Louise Bourgeois

BIOGRAPHY

Louise Bourgeois Biography

1911 - 2010

 

Louis Bourgeois was an American sculptor, painter and printmaker, born in Paris in 1911. Her artwork is greatly influenced by her traumatic childhood. Bourgeois’s tumultuous childhood was due to growing up during WWI, the loss of her brother, her mother’s illness, and her father’s infidelity.

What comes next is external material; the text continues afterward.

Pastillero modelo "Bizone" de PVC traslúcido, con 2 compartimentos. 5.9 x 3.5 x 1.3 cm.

Working in her parents tapestry factory, Louise helped draw missing segments of the tapestries, which would then be rewoven. She attended school at the Lycee Fenelon in Paris and then attended the Sorbonne. In 1938, she immigrated to the United States and continued her studies at the Art Students League in New York. Though her beginnings were as an engraver and painter, by the 1940s she had turned her attention to sculptural work, for which she is recognized as a twentieth-century leader. Greatly influenced by the influx of European Surrealist artists who immigrated to the United States after World War II, Bourgeois’ early sculpture was composed of groupings of abstract and organic shapes, often carved from wood.

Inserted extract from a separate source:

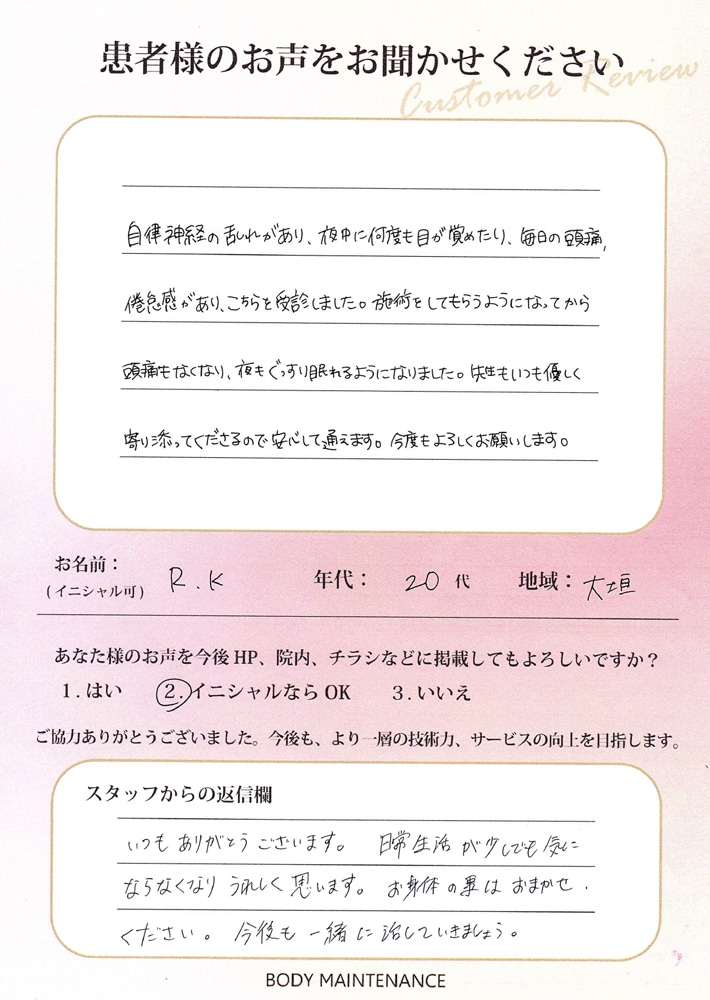 自律神経失調症への治療方法例|大垣市 ボディメンテナンス大垣整骨院・整体院

By the 1960s, she began to execute her work in rubber, bronze, and stone, and the pieces themselves became larger, more referential to what has become the dominant theme of her work - her traumatic childhood, conveying feelings of anger, betrayal and jealousy stemming from her father’s adultery. Her works are sometimes abstract, and she often speaks in symbolic terms

Bourgeois died of heart failure on 31 May 2010, and her work continues to be shown worldwide.